Outre les premières notes bio-bibliographiques recueillies sur Olivier Reverdin et la présentation des diverses facettes de l’homme par plusieurs personnalités politiques, dix-sept études scientifiques (la plupart également illustrées) complètent les Mélanges Olivier Reverdin, formant la seconde partie de l’ouvrage (pp. 272-452). S’il n’est hélas, comme toujours, possible de ne présenter ici en ces quelques lignes que leurs titres, nous espérons du moins que leur simple énumération donnera envie d’aller au-delà : Jacques Bompaire, « Le sentiment de la nature dans la littérature grecque au siècle des Antonins.
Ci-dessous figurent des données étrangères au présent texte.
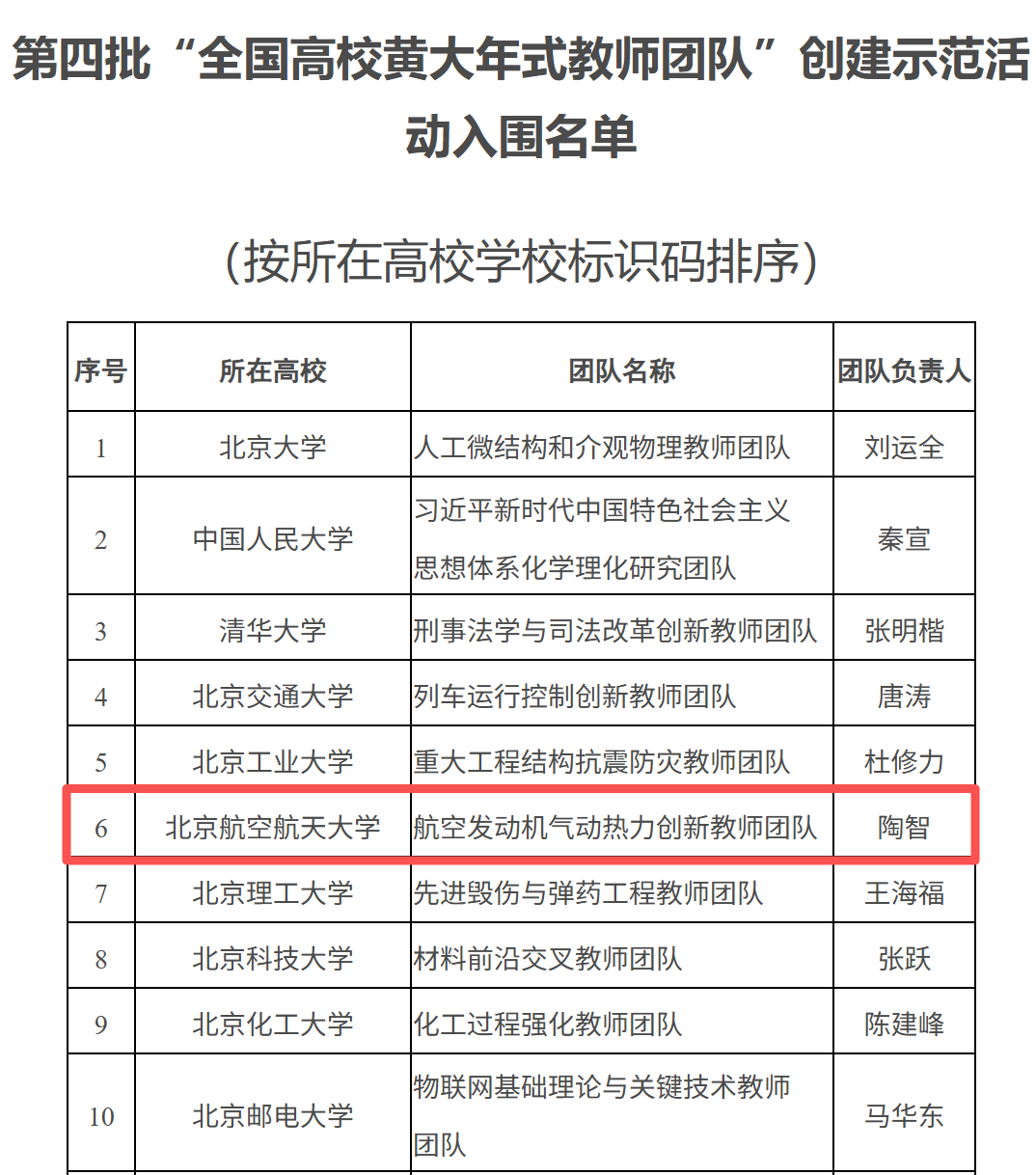 陶智院士领衔的航空发动机气动热力创新教师团队入选。

Le cas de Lucien, observateur de la nature » ; Dietrich von Bothmer, « The quest for Lykaon, son of Ares and Pyrene » ; Bertrand Bouvier, « Sur la paraphrase de l’Iliade contenue dans le Genavensis graecus 44 » ; Herbert A. Cahn, « Schöpfung oder Kopie ? Gedanken zur griechischen Münzkunst » ; Jean-Paul Descœudres, « Les dauphins de Dionysos » ; Alain Dufour, « Bèze helléniste » ; Olivier Fatio, « Lecture des Pères de l’Église par un calviniste, membre de la République des Lettres » [Louis Tronchin] ; Eric W. Handley, « Design for blackmail : a fragment of new comedy » ; un article intéressant plus pleinement encore l’histoire du livre est celui de Jacques Jouanna, « Sur les éditions d’Hippocrate au XVIe siècle, les notes marginales de Janus Cornarius dans l’Aldine de Göttingen d’Hippocrate et leur importance pour l’établissement du texte des Épidémies V et VII »; Minos Kokolakis, « Men are like leaves : a Simile of human life and behaviour »; Gianfranco Maddoli, « Andate e ritorni nell’interpretazione delle tradizioni sui Nostoi in Occidente » ; Jean-Jacques Maffre, « Une nouvelle représentation de la fuite d’Enée et d’Anchise à la fin de la guerre de Troie » ; Domenico Musti, « L’automatismo in Omero. Note sulla decorazione dello scudo d’Achille »; Giuseppe Nenci, « Osservazioni sulle origini della scrittura bustrofedica » ; Aldo L. Prosdocimi, « Deltos oltre o con kyrbis e axon » ; Jean Rudhardt, « Considérations sur la notion de sebas » ; Nicolas Yalouris, « The cultural and intellectual dimension of ancient Elis and Olympia ».
Cette énumération, destinée d’abord à rendre hommage aux différents auteurs, montre également combien cet ouvrage, digne de figurer dans toute bibliothèque par ses qualités de toute nature, peut intéresser une grande diversité de passionnés de l’humanisme et de l’Antiquité. Quant à tous les lecteurs qui s’intéressent plus spécialement à l’histoire du livre, la reproduction des pages de titre et la présentation des ouvrages grecs sortis au XVIe siècle des presses genevoises méritent à elles seules toute leur attention, le reste venant par surcroît.